Firstly, the base bead has to be fairly cool (no suprise there, or your petal melts in). This is why I'm making these practice beads small—I don't have to worry about the other end of the bead cracking while I futz around making a flower at this one. It's also why the flowers can be multicolored—I have to let the central petal cool before I can add side petals, so it really doesn't slow me down that much to switch between each batch of colors, since I make each layer of petals, going round and round, rather than starting and completing a (crocus) flower.
Secondly, whilest the very tip of the stringer has to be nearly drippy, the remainder immediately behind needs to be stiff, because it is a self-tool that pushes the molten glass before it. You can see this particularly in the right top edge of the top photo. Initially, I didn't have ratio molten to stiff lengths on the stringers quite right, and I snapped a lot of them, pushing too hard on not enough of the drippy stuff. (The converse, having too much softened glass, results in mushy petals.) The hand movements must be quick, before the glass stiffens back up: endless practice to make the move second nature is critical for success. So yes, the sharp little flame of my lynx is nice for floral trailing.
If there is a long gradient of heat, that is, a sorta-sloppy softened part of the stringer above the very tip, then the trailing will be globby. As it is my daisies. Admittedly, if I used 2mm stringer (as I do for the crocus), as opposed to the often <1mm stringers, it would probably be a little easier (but then they would be too big for fillers)...well, I have another 200 beads to get this down.

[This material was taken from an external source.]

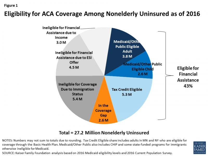 Nearly a quarter are either adults eligible for Medicaid (3.8 million, or 14%) or children eligible for Medicaid or the Children’s Health Insurance Program (CHIP) (2.6 million, or 10%). Those who are Medicaid eligible include people who were previously eligible as well as those newly eligible under the ACA.

photos, post, begun 7oct08; post completed, intro added 8oct.
Somewhat counterintuitively, you thin when this happens. Happy to thin and thin—until the release starts sliding right off the mandrel. I mixed it half and half with the rest of my krag mud, and now it's fine.
Because I tend to just keep slopping colors on my canes till I think I have something fun, it can be difficult to document them—especially as I often have no idea something's good till hours or days later, when I pull the annealed bead out of the kiln. For example, the two coral-tint flowers in the middle came from a cane that appeared white—evidently, I used tongue pink or something like that for the core, and it went white when pulled out.